Task requirements> Across all the entries, tally the lines holding the word "Hospital", and give the number by itself.

Recorded data

[Start of Attachment]

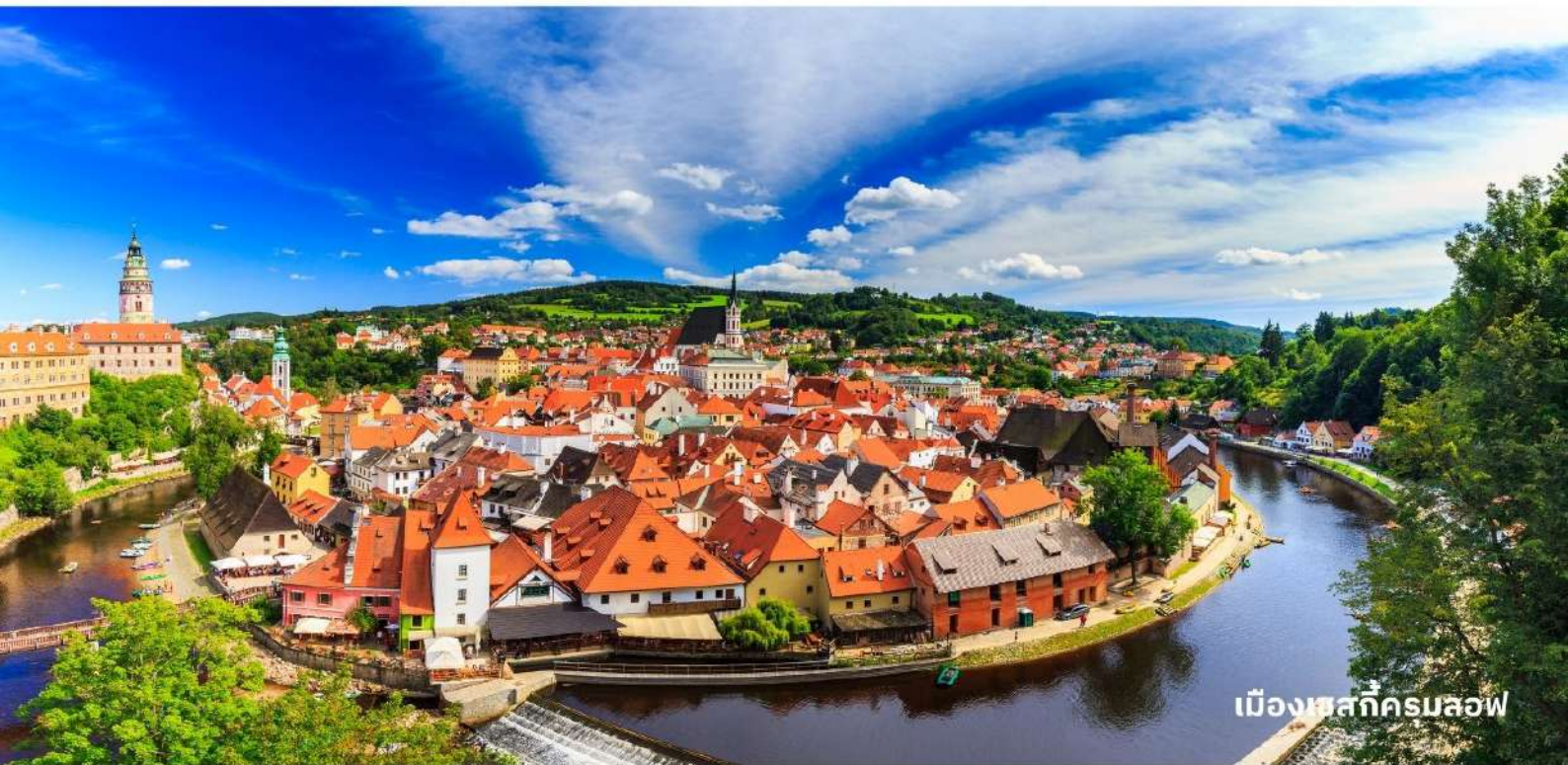
เมืองเชสกีครุมลอฟ

นำท่านเข้าสู่ที่พัก Hotel Bellevue Cesky Krumlov หรือเทียบเท่า
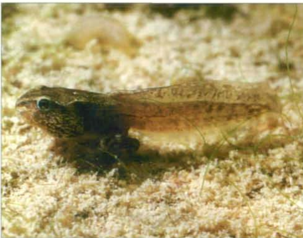
Abb.27: Kaulquappe mit bereits ausgebildeten Hinterbeinen - der Schwanz bildet sich im Verlauf der weiteren Entwicklung zurück.
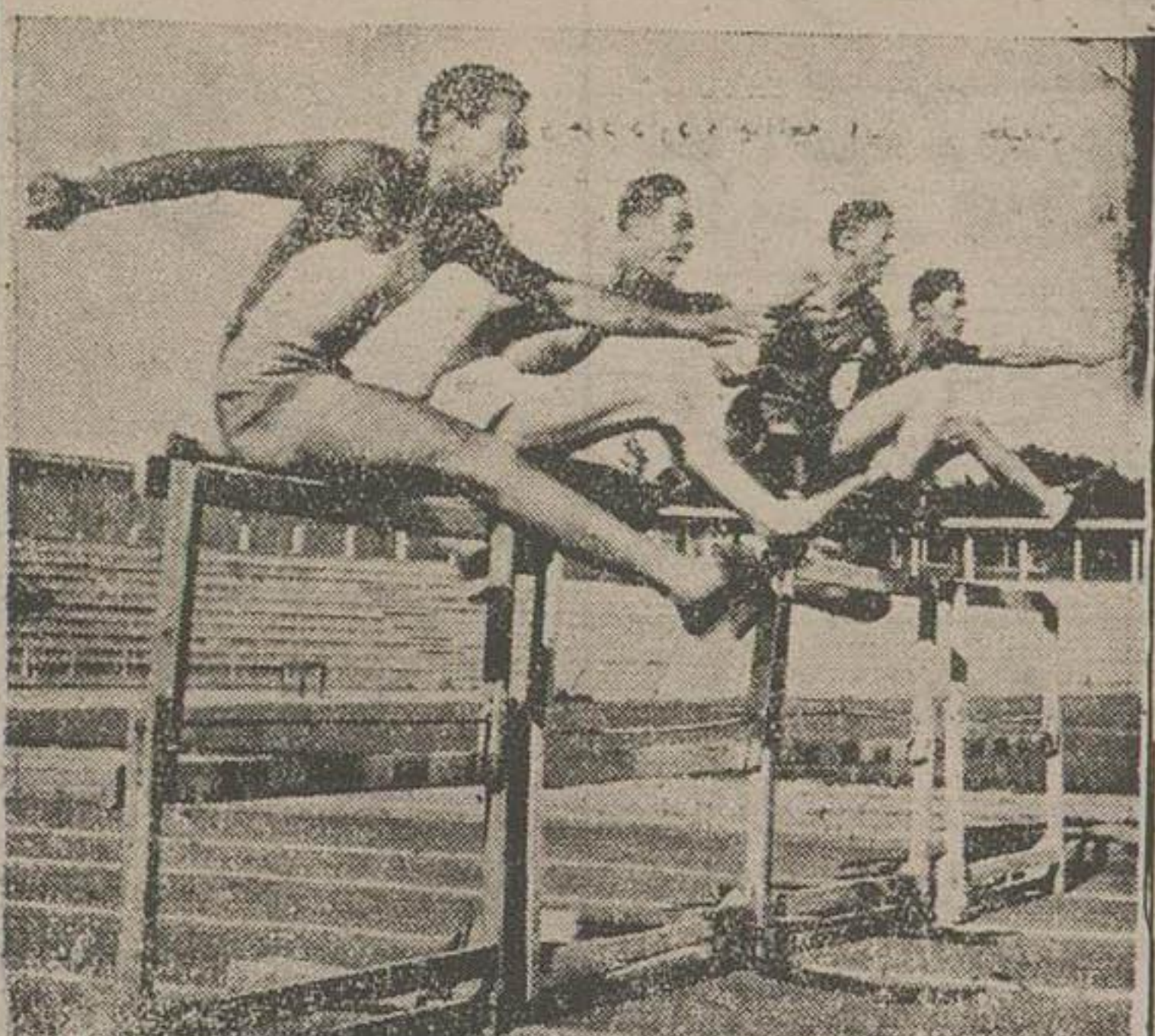
روزهای جمعه ۱۲ و ۱۳ خرداد مسابقات قهرمانی دو میدانی باشگاهها انجام شد.
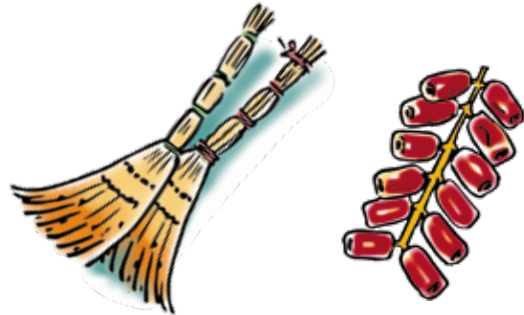
веники — финики
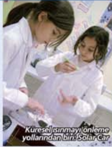
Küresel ısınmayı önleme yollarından biri: Solar Car
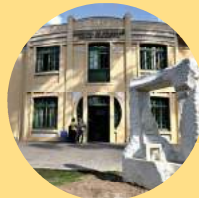
Hospital Pequeno Príncipe
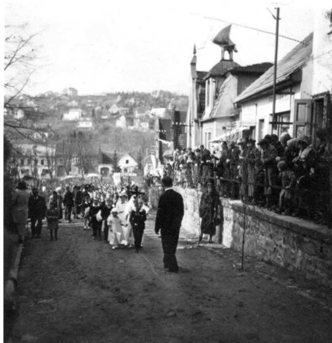
Obrázek 4 - Průvod při slavnostní návštěvě arcibiskupa Kašpara.
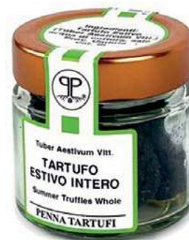
TAR200 TARTUFO ESTIVO GR. 40/50
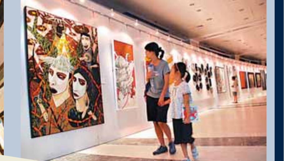
在商場辦的藝術展覽。

在政府早前公布的施政報告中，提及致力發展六大產業之一的文化創意產業。要把「創意」跟「產業」扯上關係並不容易，藝術與商業兩者融合，近期比較引人注目的合作例子，當屬Pacific Coffee與本地藝術家合作展覽藝術作品。
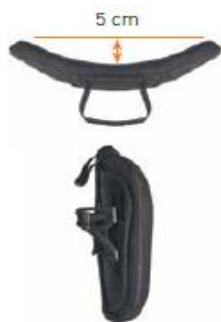
Oparcie Jay 3 płytki kontur
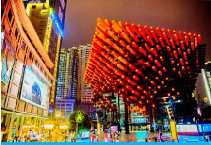
หอศิลป์กั๋วไท่
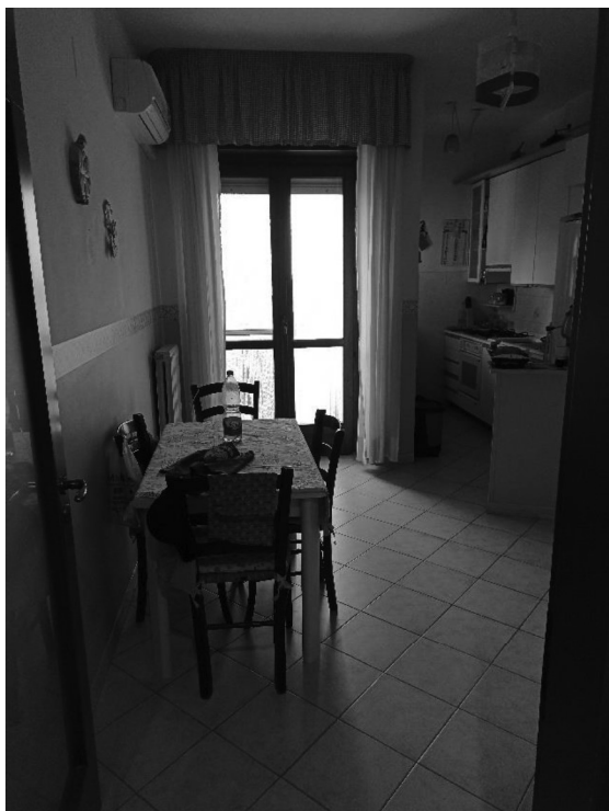
FOTO 8. Cucina/pranzo
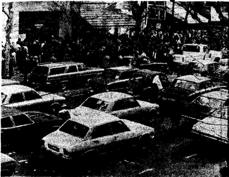
Una larga hilera de familiares de desaparecidos se formó en la jornada de ayer ante la OEA para formular denuncias.

En tanto se observaba una discreta vigilancia policial compuesta por patrulleros que recorrían las inmediaciones y agentes de civil, a pie, que seguían la situación desde la calle. Al mismo tiempo, jóve-
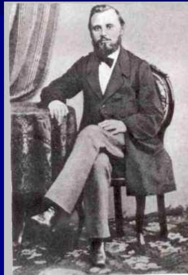
Милий Балакирев. Таким он был, когда создавался Балакиревский кружок. 1860-е годы
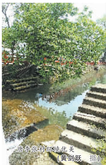
唐李张村环境优美

和项国英相比，无论是年纪还是养猪资历，今年32岁的张贇都要稚嫩一些。然而，20多岁就养猪的他，早在前几年就成为村里最大的养猪专业户，年出栏1500至2000头。
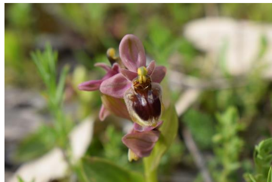
O. x sommieri nsp humbertii . J.L. Hervás. Linares, Jaén, 2017.
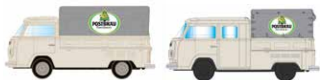
Limitiert 350 LC3899 VW T2 Set Postbräu UVP 19,95 €
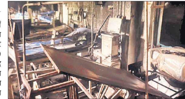
एससीबी मेडिकल कॉलेज एवं अस्पताल के आईसीयू में जला पड़ा सामान।

ओडिशा सरकार द्वारा कटक में संचालित एससीबी मेडिकल कॉलेज एवं अस्पताल के आईसीयू में रविवार देर रात भीषण आग लगने से 10 मरीजों की मौत हो गई। घटना के बाद अस्पताल पहुंचे मुख्यमंत्री मोहन चरण माझी ने बताया कि मरीजों को सुरक्षित बाहर निकालने के दौरान अस्पताल के करीब 11 कर्मचारी झुलस गए। मुख्यमंत्री ने छह सदस्यों की एक जांच टीम बनाई है, जो आग लगने की वजह की जांच करेगी और आज शाम तक अपनी रिपोर्ट देगी।
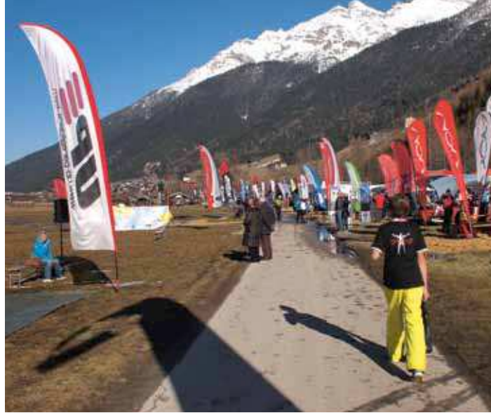
Fabrikanten laten hun nieuwe materiaal zien op de outdoor beursvloer
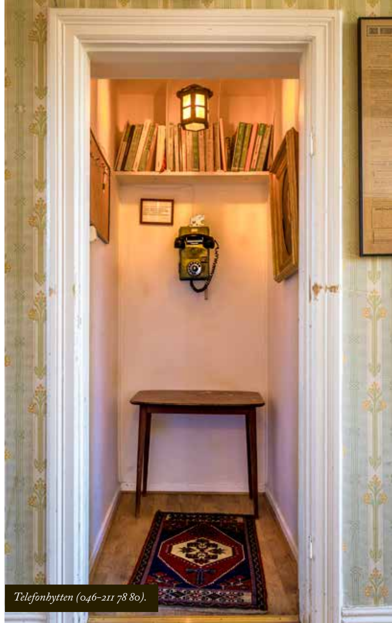
Telefonhytten (046-211 78 80).
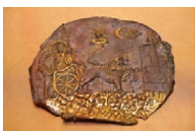
阿伊哈努姆神廟遺址出土的「西布莉圖案飾板」。
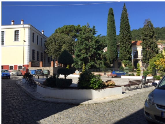
Η πλατεία Μητροπόλεως
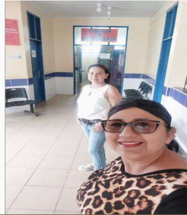
Inspección a la infraestructura física del Hospital General Guayaramerín “Dr. Luis Alberto Navarro Rodríguez”
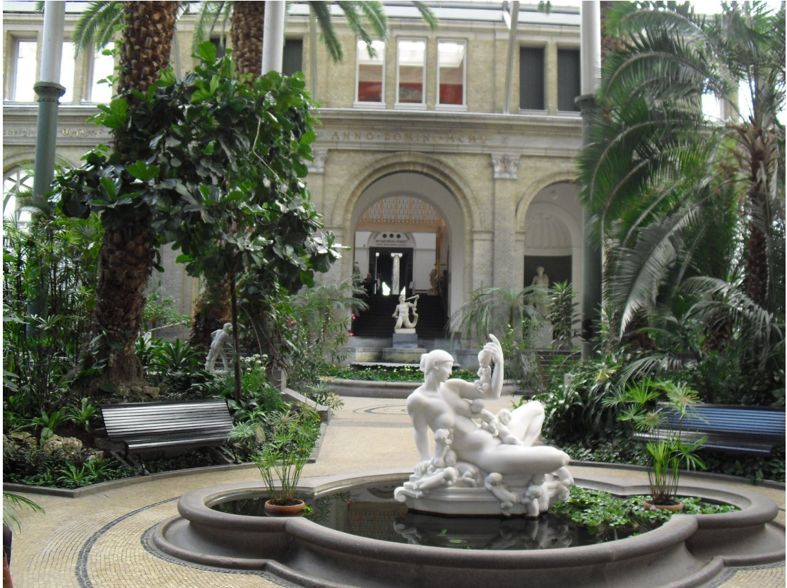
嘉士伯美術館中庭有如亞熱帶花園，搭配優美的人像雕塑
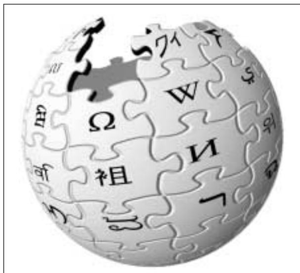
Símbolo de Wikipedia.

"Esta obra monumental respira la misma orientación que la propia internet: distribuir, compartir y cooperar libremente"

[End of Attachment]

Response to this exercise> 2